Linear Discriminant Analysis: MATLAB Implementation and Algorithm Explanation

Resource Overview

MATLAB implementation of Linear Discriminant Analysis (LDA) algorithm with code examples and technical insights

Detailed Documentation

This article provides a comprehensive overview of the Linear Discriminant Analysis (LDA) algorithm and its applications in pattern recognition and machine learning. LDA is a classical supervised learning algorithm designed to identify optimal linear directions (called "linear discriminants") that maximize separation between different classes of data points. Despite being a long-established technique, LDA remains widely used due to its strong capabilities in data visualization and feature extraction.
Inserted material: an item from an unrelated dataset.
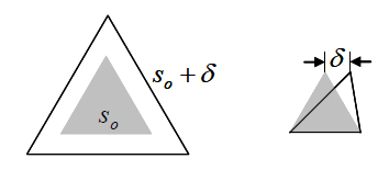 A similar analysis yields also the expressions for shear modulus. Suppose the network is sheared so that the vertex of a triangle at a particular layer is displaced to the right, say by a distance resulting in increase in its left arm by a distance and shortening of the length of its right arm by a distance . Since the bottom arm remains undeformed the total potential energy is written as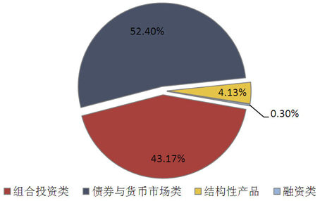从投向类型来看,债券与货币市场类产品发行2929款,环比增加752款,市场占比上升3.77个百分点至52.40%;组合投资类产品发行2413款,环比增加340款,市场占比下降3.14个百分点至43.17%;融资类产品发行17款,环比增加4款,市场占比上升0.01个百分点至0.30%;结构性产品发行231款,环比增加17款,市场占比下降0.65个百分点至4.13%。(图4)

Implementing LDA in MATLAB is straightforward - we demonstrate how to compute between-class and within-class scatter matrices using built-in functions like cov and mean, followed by eigenvalue decomposition to obtain projection vectors. The implementation typically involves calculating class statistics, constructing scatter matrices, and solving the generalized eigenvalue problem using MATLAB's eig function. We provide practical code examples showing how to transform data into lower-dimensional spaces while preserving class discriminatory information. Additionally, we explore LDA variants and extensions, including Regularized LDA for handling singular matrices and Quadratic Discriminant Analysis for nonlinear boundaries. The article concludes with guidance on selecting appropriate LDA models for real-world applications based on dataset characteristics and computational requirements.